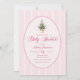 Soft pink baby shower invitation featuring a watercolor Christmas tree, pastel striped background, and a delicate dotted oval frame with elegant typography and festive winter charm.
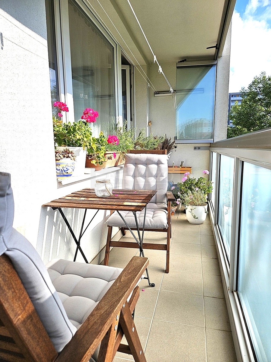 Byt sestává ze vstupní chodby (8,3 m2), prostorného obývacího pokoje s kuchyňským koutem (31,8 m2), 2 neprůchozích pokojů (12,5 m2 a 11,6 m2), koupelny (3,7 m2), WC (1,1 m2), komory (2,4 m2) a lodžie (7 m2). Byt prošel pečlivou, nákladnou, promyšlenou rekonstrukcí, která v sobě spojuje moderní styl, funkčnost i příjemnou domácí atmosféru. Majitelé věnovali pozornost každému detailu. Díky tomu vzniklo i mnoho úložných řešení. V části obývacího pokoje vznikla elegantní vestavěná místnost, kterou lze využít jako pracovnu nebo ložnici. Na základě tohoto chytrého řešení se z bytu stalo pomyslné 4+kk - se dvěma samostatnými dětskými pokoji a útulnou ložnicí/pracovnou pro rodiče. Každý člen rodiny má tak dostatek místa pro své soukromí, a zároveň je tak i dostatek otevřeného prostoru pro společné chvíle. Velkou devízou bytu je také možnost využívat skladový prostor 9,9 m2 s denním světlem a otevíracím oknem v posledním patře domu, který mají majitelé pronajatý od SVJ na dobu neurčitou.
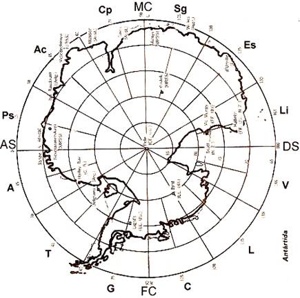 contorno de la Antártida. El punto central del círculo es el polo sur. Hay 24
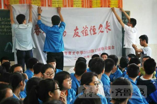 青春不散场,友谊恒久远。4日,济宁育才中学,一场别样的班级毕业典礼在2013级13班举行。孩子们都用心张罗了属于这间教室里的最后一次聚会,仪式感浓重。简单的话语却敲击着每一位班级成员的内心,过往的点点滴滴涌上心头,也许不远的明天,他们就要各奔前程,于是,他们用手机记录着校园的点滴,好同学的每一个微笑的面孔。
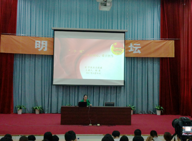近日,醫(yī)學(xué)技術(shù)系黨總支邱滾忠副書(shū)記和團(tuán)總支楊盈書(shū)記分別開(kāi)展了團(tuán)課講座。4月26日,團(tuán)總支楊盈書(shū)記以“不忘初心,勇于擔(dān)當(dāng)”為主題對(duì)2015級(jí)團(tuán)員進(jìn)行授課。首先,她對(duì)系部“一學(xué)一做”系列活動(dòng)做了全面宣傳動(dòng)員,指出學(xué)是前提和基礎(chǔ),做是著力點(diǎn)和落腳點(diǎn),強(qiáng)調(diào)了務(wù)必要落實(shí)“三會(huì)兩制一課”,要求所有團(tuán)員積極配合團(tuán)支部組織生活會(huì)的召開(kāi)。隨后通過(guò)漫畫(huà)的形式呼吁在座團(tuán)員們銘記自己的初心,做一名合格的團(tuán)員。
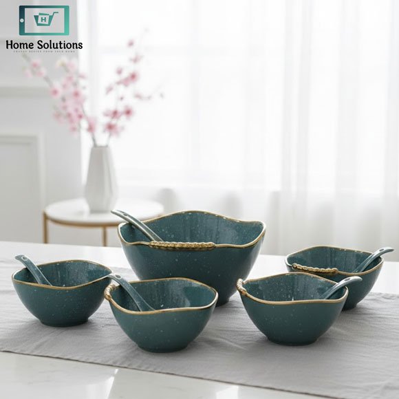 Luxury 14-Piece Ceramic Soup Set with Gold Trim Serving Bowls & Spoons – Dark Teal
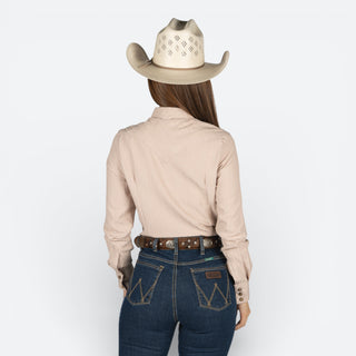 Camisa de rodeo confeccionada en tela kaki de alta calidad, diseñada específicamente para mujeres que buscan comodidad y estilo auténtico. Cuenta con corte ajustado que favorece la silueta, botones de presión funcionales y detalles clásicos del western.
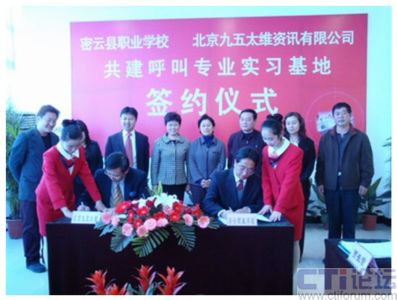 12月18日上午,密云縣職業(yè)學校與北京九五太維資訊有限公司校企合作共建呼叫專業(yè)實習基地簽約儀式在密云縣職業(yè)學校隆重舉行,市教委職成處處長李敏,縣委常委副縣長王春林、副縣長錢福生、副縣長徐芳出席簽約儀式并發(fā)表了講話。密云縣教委主任李鐘勤,北京九五太維資訊有限公司董事長汪遠,首席執(zhí)行官李寶民及其培訓師團隊,密云縣經(jīng)濟開發(fā)區(qū)總公司及部分入?yún)^(qū)呼叫企業(yè)出席了簽約儀式。此次活動標志著北京呼叫中心產(chǎn)業(yè)基地人才培養(yǎng)工作步入正軌,隨著以密云縣職業(yè)學校為主體的人才培養(yǎng)模式的確立,長期困擾呼叫行業(yè)人才短缺的困難有望得到解決。
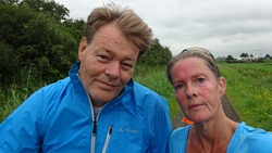 De asfaltweg wordt al snel een veldweg en dat loopt wel lekker ook al is het weer modderig. Het uitzicht daar is ook erg mooi over de velden. Als ik bijna bij de camping ben, moet ik een enorm smal paadje over waar de brandnetels en berenklauw vrolijk over het pad hangen. Ik ben benieuwd of ik de hele nacht verga van de jeuk en prikkels maar dat blijkt mee te vallen. Het is wel een beetje vervelend einde zo want het pad is ook nog eens slecht beloopbaar. Maar goed, ik ben er nu bijna dus doorlopen maar.
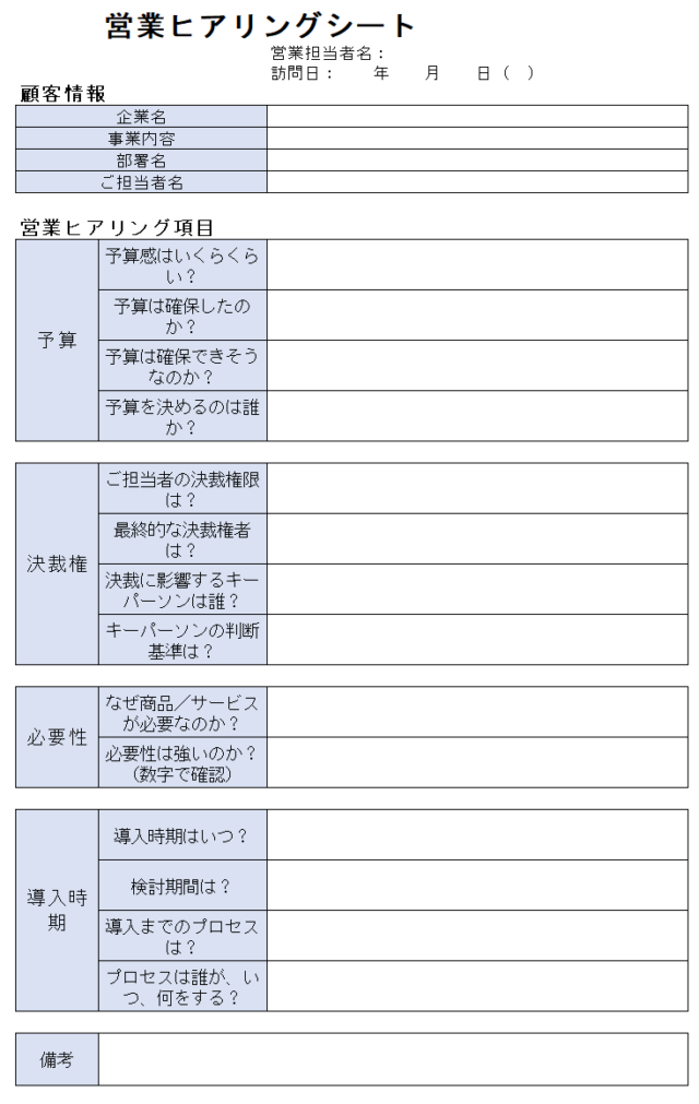 営業の初訪問のヒアリング項目はこれだ!質問方法やヒアリングシートの作り方・テンプレートをご紹介営業・マーケティング支援。
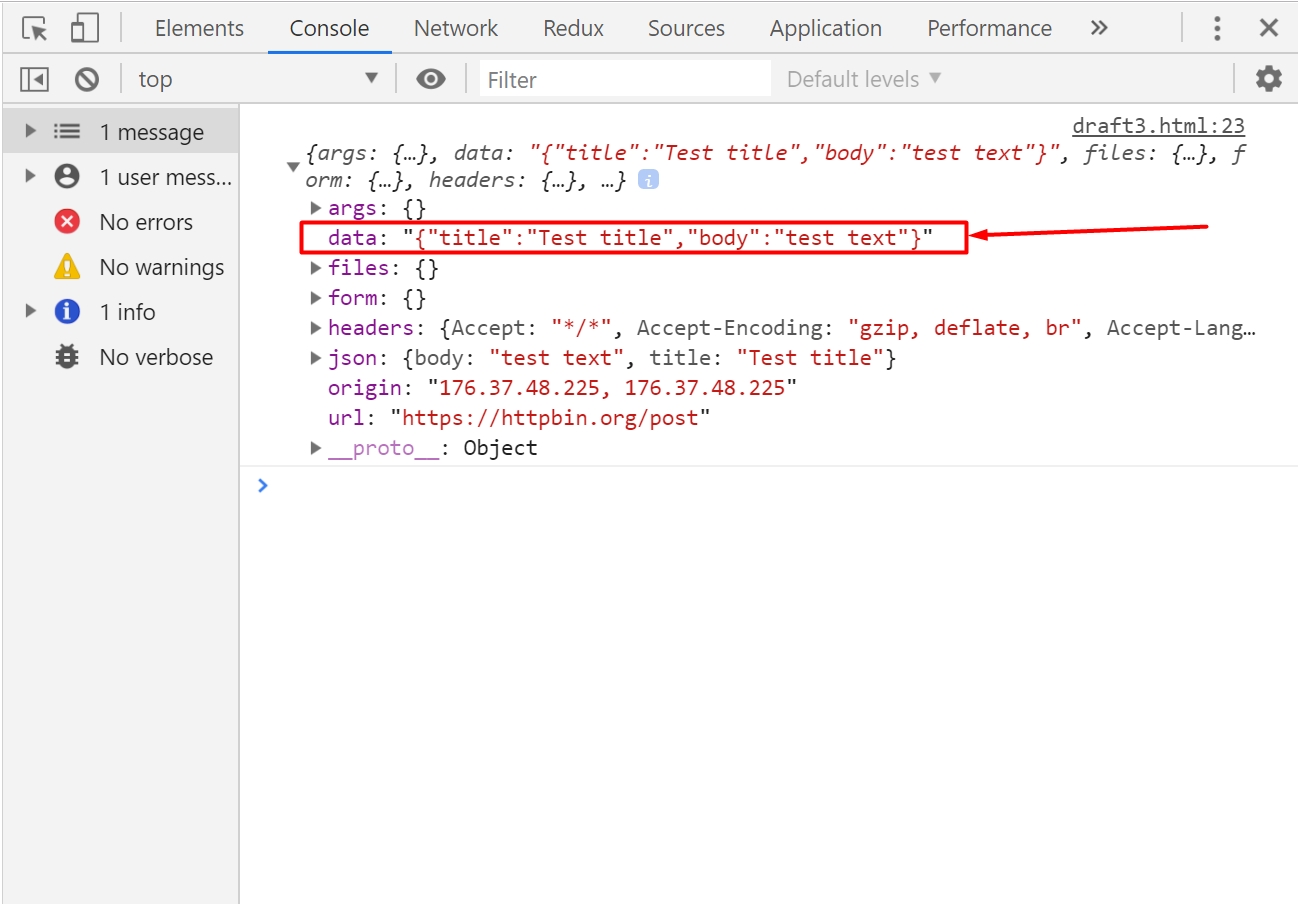 В результате в консоли мы можем увидеть, что нам пришли данные от сервера в формате

--------------------

=== Required action ===
Transcribe the opening line of the listing above, please, and every line after it through the line with "contorno de la", word for word, without pictures.

=== Output for this exercise ===
 Soft pink baby shower invitation featuring a watercolor Christmas tree, pastel striped background, and a delicate dotted oval frame with elegant typography and festive winter charm.
 Byt sestává ze vstupní chodby (8,3 m2), prostorného obývacího pokoje s kuchyňským koutem (31,8 m2), 2 neprůchozích pokojů (12,5 m2 a 11,6 m2), koupelny (3,7 m2), WC (1,1 m2), komory (2,4 m2) a lodžie (7 m2). Byt prošel pečlivou, nákladnou, promyšlenou rekonstrukcí, která v sobě spojuje moderní styl, funkčnost i příjemnou domácí atmosféru. Majitelé věnovali pozornost každému detailu. Díky tomu vzniklo i mnoho úložných řešení. V části obývacího pokoje vznikla elegantní vestavěná místnost, kterou lze využít jako pracovnu nebo ložnici. Na základě tohoto chytrého řešení se z bytu stalo pomyslné 4+kk - se dvěma samostatnými dětskými pokoji a útulnou ložnicí/pracovnou pro rodiče. Každý člen rodiny má tak dostatek místa pro své soukromí, a zároveň je tak i dostatek otevřeného prostoru pro společné chvíle. Velkou devízou bytu je také možnost využívat skladový prostor 9,9 m2 s denním světlem a otevíracím oknem v posledním patře domu, který mají majitelé pronajatý od SVJ na dobu neurčitou.
 contorno de la Antártida. El punto central del círculo es el polo sur. Hay 24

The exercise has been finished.